◆ **WHAT YOU ARE ASKED TO DO**
Begin at the line that has "COOFANDY Men Long", stop after the line that has "An Edwardian mahogany", and print exactly those lines from the records below, without any pictures.

◆ **SOURCE DATA**
◆ ◆ ◆

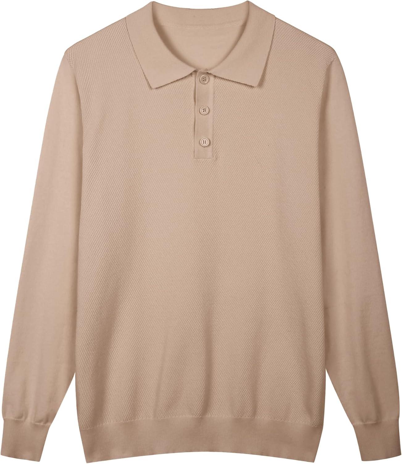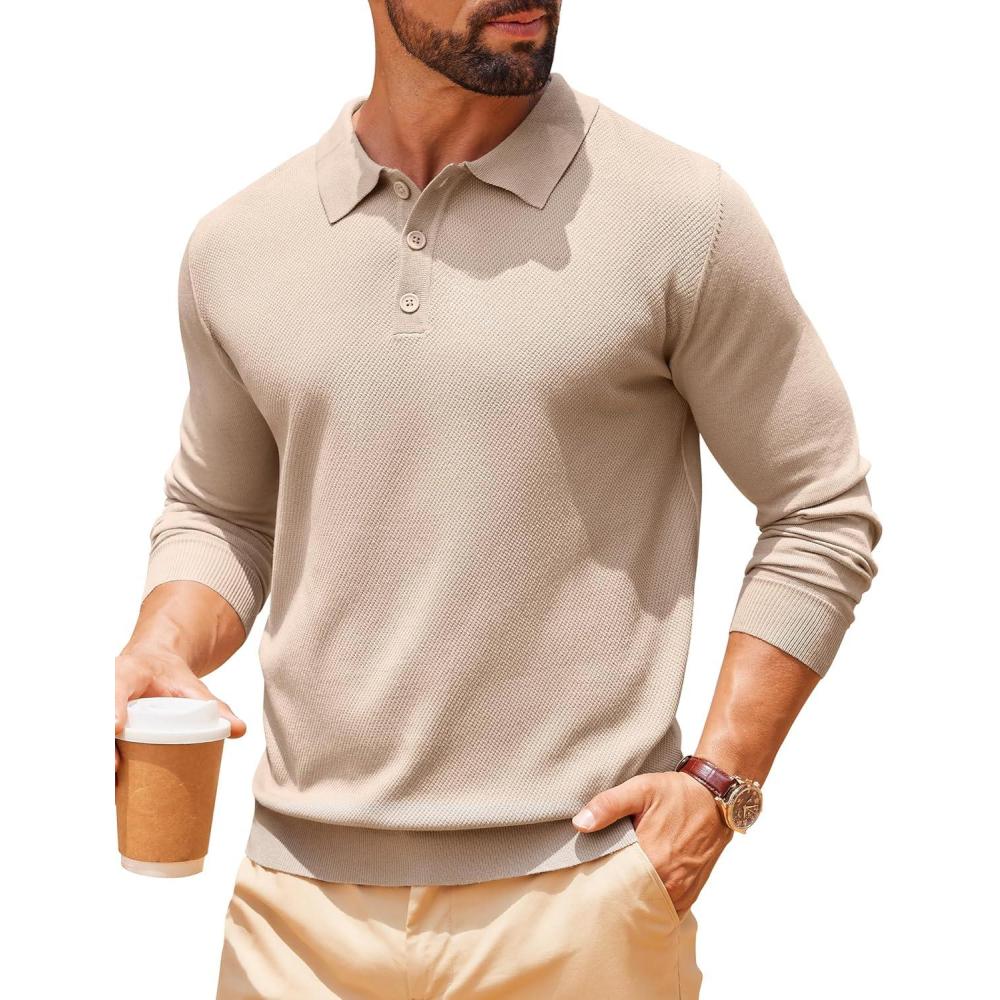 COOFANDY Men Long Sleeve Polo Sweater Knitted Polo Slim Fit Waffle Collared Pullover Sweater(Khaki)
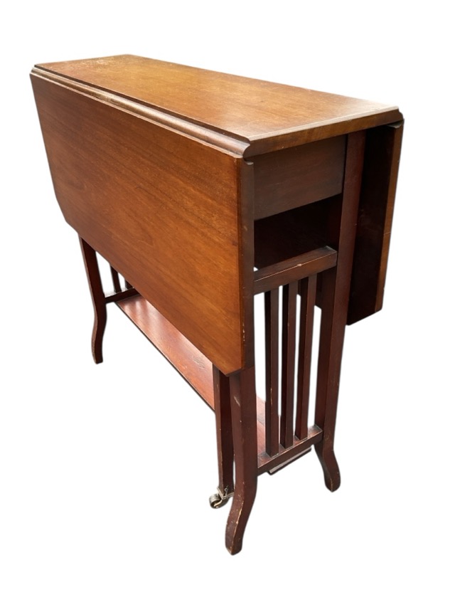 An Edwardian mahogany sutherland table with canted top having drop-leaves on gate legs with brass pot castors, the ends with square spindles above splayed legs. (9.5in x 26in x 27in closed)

◆ ◆ ◆

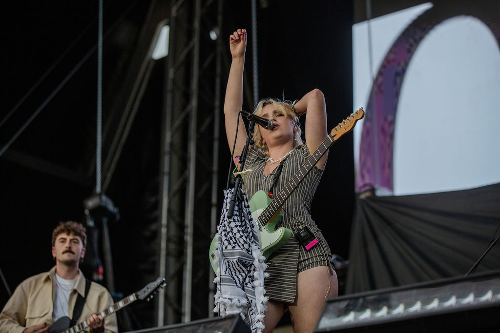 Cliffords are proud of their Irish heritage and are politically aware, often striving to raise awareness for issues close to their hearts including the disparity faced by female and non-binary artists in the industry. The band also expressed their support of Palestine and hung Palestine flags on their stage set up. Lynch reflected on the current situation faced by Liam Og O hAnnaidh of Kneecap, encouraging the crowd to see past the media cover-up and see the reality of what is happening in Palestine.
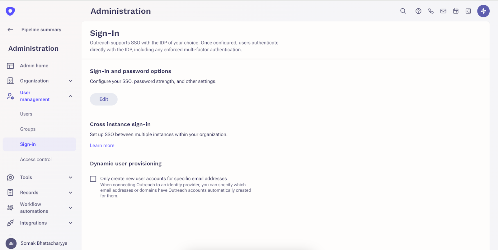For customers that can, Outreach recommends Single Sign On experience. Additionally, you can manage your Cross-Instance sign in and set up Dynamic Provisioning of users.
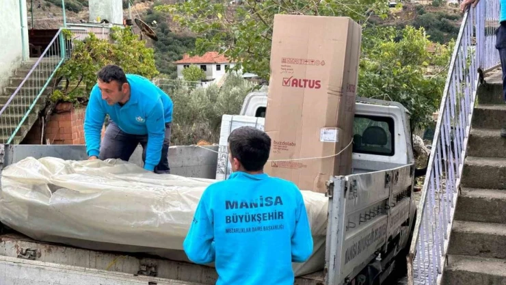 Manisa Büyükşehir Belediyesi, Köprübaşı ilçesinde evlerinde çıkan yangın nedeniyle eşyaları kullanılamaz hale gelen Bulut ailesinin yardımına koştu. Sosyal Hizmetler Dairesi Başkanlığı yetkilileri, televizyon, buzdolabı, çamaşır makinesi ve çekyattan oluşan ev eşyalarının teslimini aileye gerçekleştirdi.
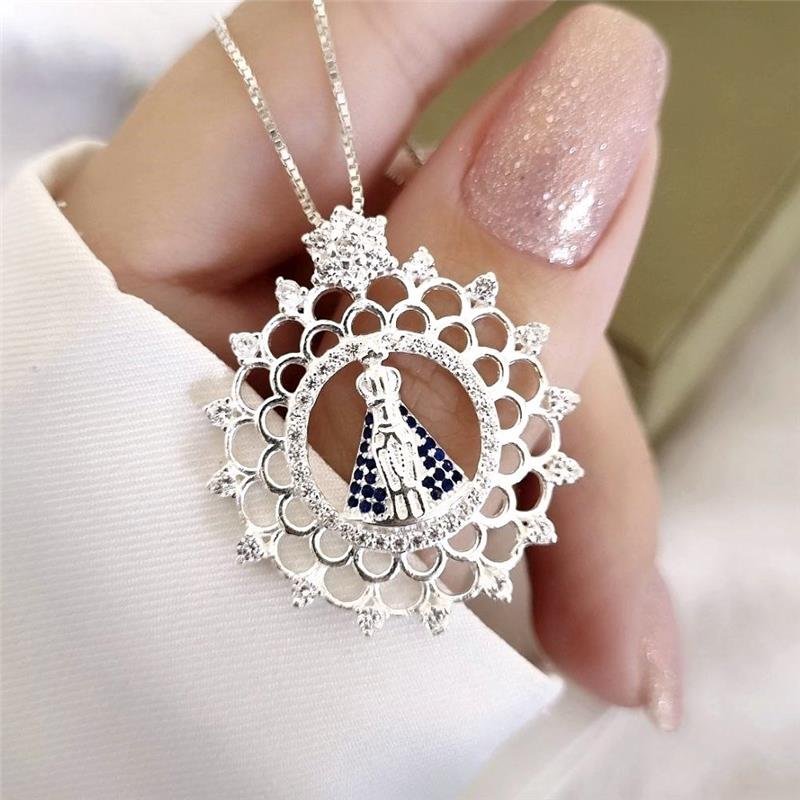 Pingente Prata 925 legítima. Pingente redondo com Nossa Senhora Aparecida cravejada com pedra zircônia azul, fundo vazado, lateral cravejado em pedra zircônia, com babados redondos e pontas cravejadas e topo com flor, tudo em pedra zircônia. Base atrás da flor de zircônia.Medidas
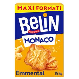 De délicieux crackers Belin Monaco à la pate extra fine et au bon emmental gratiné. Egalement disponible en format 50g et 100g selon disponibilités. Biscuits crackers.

◆ ◆ ◆

◆ **RESULT OF THE TASK**
 COOFANDY Men Long Sleeve Polo Sweater Knitted Polo Slim Fit Waffle Collared Pullover Sweater(Khaki)
 An Edwardian mahogany sutherland table with canted top having drop-leaves on gate legs with brass pot castors, the ends with square spindles above splayed legs. (9.5in x 26in x 27in closed)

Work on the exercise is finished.